## [Information shown]
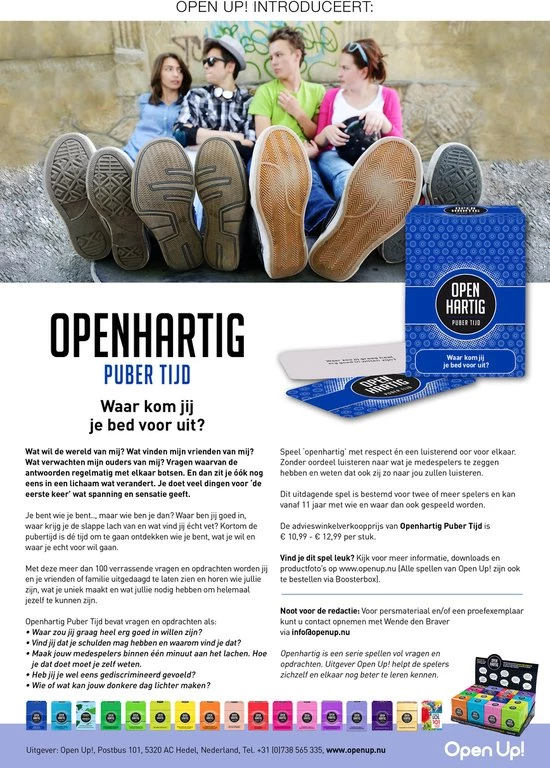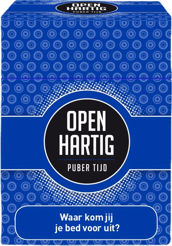 Wat wil de wereld van mij? Wat vinden mijn vrienden van mij? Wat verwachten mijn ouders van mij? Vragen waarvan de antwoorden regelmatig met elkaar botsen.En dan zit je ??k nog eens in een lichaam wat verandert.Je doet veel dingen voor ?de eerste keer? wat spanning en sensatie geeft.Je bent wie je bent.., maar wie ben je dan? Waar ben jij goed in, waar krijg je de slappe lach van en wat vind jij ?cht vet? Kortom de pubertijd is d? tijd om te gaan ontdekken wie je bent, wat je wil en waar je echt voor wil gaan.Met deze meer dan 100 verrassende vragen en opdrachten worden jij en je vrienden of familie uitgedaagd te laten zien en horen wie jullie zijn, wat je uniek maakt en wat jullie nodig hebben om helemaal jezelf te kunnen zijn.Openhartig Puber Tijd bevat vragen en opdrachten als:? Waar zou jij graag heel erg goed in willen zijn?? Vind jij dat je schulden mag hebben en waarom vind je dat?? Maak jouw medespelers binnen ??n minuut aan het lachen. Hoe je dat doet moet je zelf weten.? Heb jij je wel eens gediscrimineerd gevoeld?? Wie of wat kan jouw donkere dag lichter maken?Speel ?openhartig? met respect ?n een luisterend oor voor elkaar. Zonder oordeel luisteren naar wat je medespelers te zeggen hebben en weten dat ook zij zo naar jou zullen luisteren.Dit uitdagende spel is bestemd voor twee of meer spelers en kan vanaf 11 jaar met wie en waar dan ook gespeeld worden.
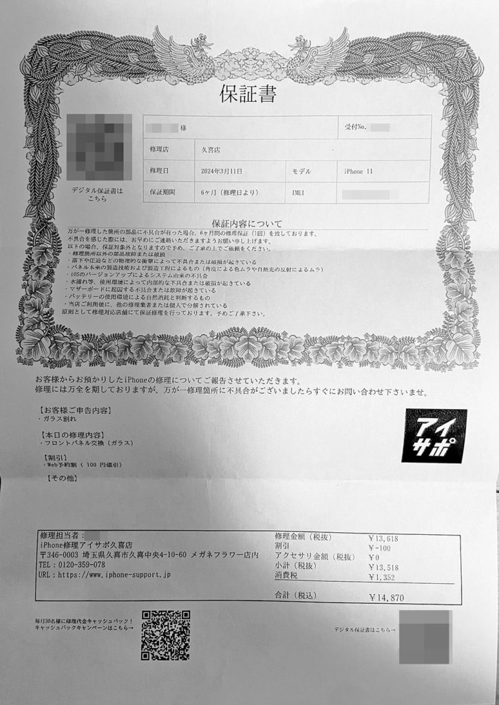 周りでも画面がバキバキのまま使っている人をちらほら見かけるので、「10万超える買い換えはすぐには厳しくても1万ちょっとで快適になるから修理いいよ」などと声をかけてあげたいです。修理の時間も1時間かからず早かったので依存症の人も許容範囲なのではと思います。純正品でなくても特に不具合を感じないので薬のジェネリック感覚でいいのかなと思いました。またメガネ店併設なので清潔感があり入りやすい店内である事もポイントが高いように感じました。
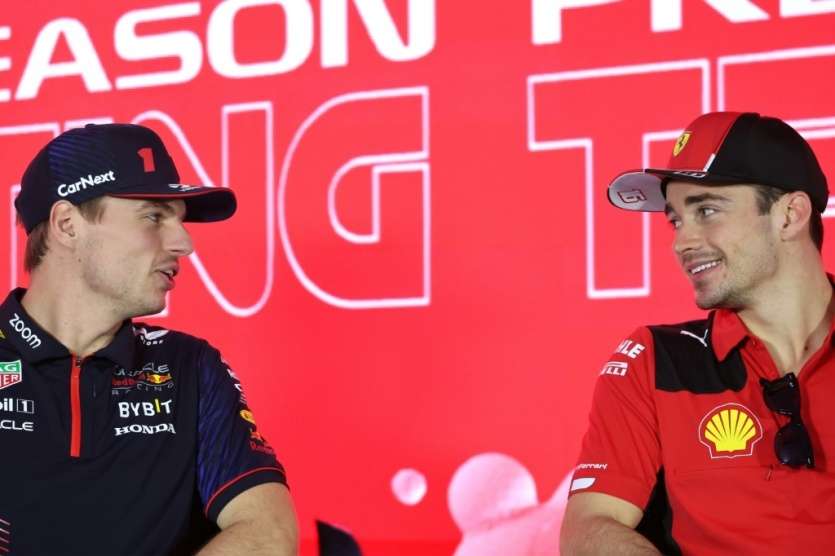 - | Crée le 28.02.2023 à 15h36 | Mis à jour le 01.03.2023 à 01h36ImprimerLe Néerlandais Max Verstappen (g), champion du monde en titre de F1, et le Monégasque Charles Leclerc, vice-champion du monde, le 25 février 2023 à Bahreïn Giuseppe CACACE [AFP]Red Bull et son champion en titre Verstappen ne feront-ils qu'une bouchée de la concurrence? A l'aube de la plus longue saison de l'histoire de la Formule 1 qui débute dimanche à Bahreïn, Ferrari se place en pole position pour tenter de contrarier les plans de l'écurie championne du monde.
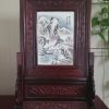 据悉，该瓷板插屏通体采用大红酸枝老料制作，屏心一面采用&ldquo;瑞雪初霁&rdquo;雪景瓷版镶嵌。另一面手工雕刻童趣喜庆图，正反二面均可按喜好随意摆放。插屏底座采用回纹及西番莲卷草花浅雕、镂空雕技艺相结合，设计巧妙自然，增添插屏的画面情趣。<br />

## [Problem requirements]
Please reproduce the material above word for word, without its images.

## [Answer space]
 Wat wil de wereld van mij? Wat vinden mijn vrienden van mij? Wat verwachten mijn ouders van mij? Vragen waarvan de antwoorden regelmatig met elkaar botsen.En dan zit je ??k nog eens in een lichaam wat verandert.Je doet veel dingen voor ?de eerste keer? wat spanning en sensatie geeft.Je bent wie je bent.., maar wie ben je dan? Waar ben jij goed in, waar krijg je de slappe lach van en wat vind jij ?cht vet? Kortom de pubertijd is d? tijd om te gaan ontdekken wie je bent, wat je wil en waar je echt voor wil gaan.Met deze meer dan 100 verrassende vragen en opdrachten worden jij en je vrienden of familie uitgedaagd te laten zien en horen wie jullie zijn, wat je uniek maakt en wat jullie nodig hebben om helemaal jezelf te kunnen zijn.Openhartig Puber Tijd bevat vragen en opdrachten als:? Waar zou jij graag heel erg goed in willen zijn?? Vind jij dat je schulden mag hebben en waarom vind je dat?? Maak jouw medespelers binnen ??n minuut aan het lachen. Hoe je dat doet moet je zelf weten.? Heb jij je wel eens gediscrimineerd gevoeld?? Wie of wat kan jouw donkere dag lichter maken?Speel ?openhartig? met respect ?n een luisterend oor voor elkaar. Zonder oordeel luisteren naar wat je medespelers te zeggen hebben en weten dat ook zij zo naar jou zullen luisteren.Dit uitdagende spel is bestemd voor twee of meer spelers en kan vanaf 11 jaar met wie en waar dan ook gespeeld worden.
 周りでも画面がバキバキのまま使っている人をちらほら見かけるので、「10万超える買い換えはすぐには厳しくても1万ちょっとで快適になるから修理いいよ」などと声をかけてあげたいです。修理の時間も1時間かからず早かったので依存症の人も許容範囲なのではと思います。純正品でなくても特に不具合を感じないので薬のジェネリック感覚でいいのかなと思いました。またメガネ店併設なので清潔感があり入りやすい店内である事もポイントが高いように感じました。
 - | Crée le 28.02.2023 à 15h36 | Mis à jour le 01.03.2023 à 01h36ImprimerLe Néerlandais Max Verstappen (g), champion du monde en titre de F1, et le Monégasque Charles Leclerc, vice-champion du monde, le 25 février 2023 à Bahreïn Giuseppe CACACE [AFP]Red Bull et son champion en titre Verstappen ne feront-ils qu'une bouchée de la concurrence? A l'aube de la plus longue saison de l'histoire de la Formule 1 qui débute dimanche à Bahreïn, Ferrari se place en pole position pour tenter de contrarier les plans de l'écurie championne du monde.
 据悉，该瓷板插屏通体采用大红酸枝老料制作，屏心一面采用&ldquo;瑞雪初霁&rdquo;雪景瓷版镶嵌。另一面手工雕刻童趣喜庆图，正反二面均可按喜好随意摆放。插屏底座采用回纹及西番莲卷草花浅雕、镂空雕技艺相结合，设计巧妙自然，增添插屏的画面情趣。<br />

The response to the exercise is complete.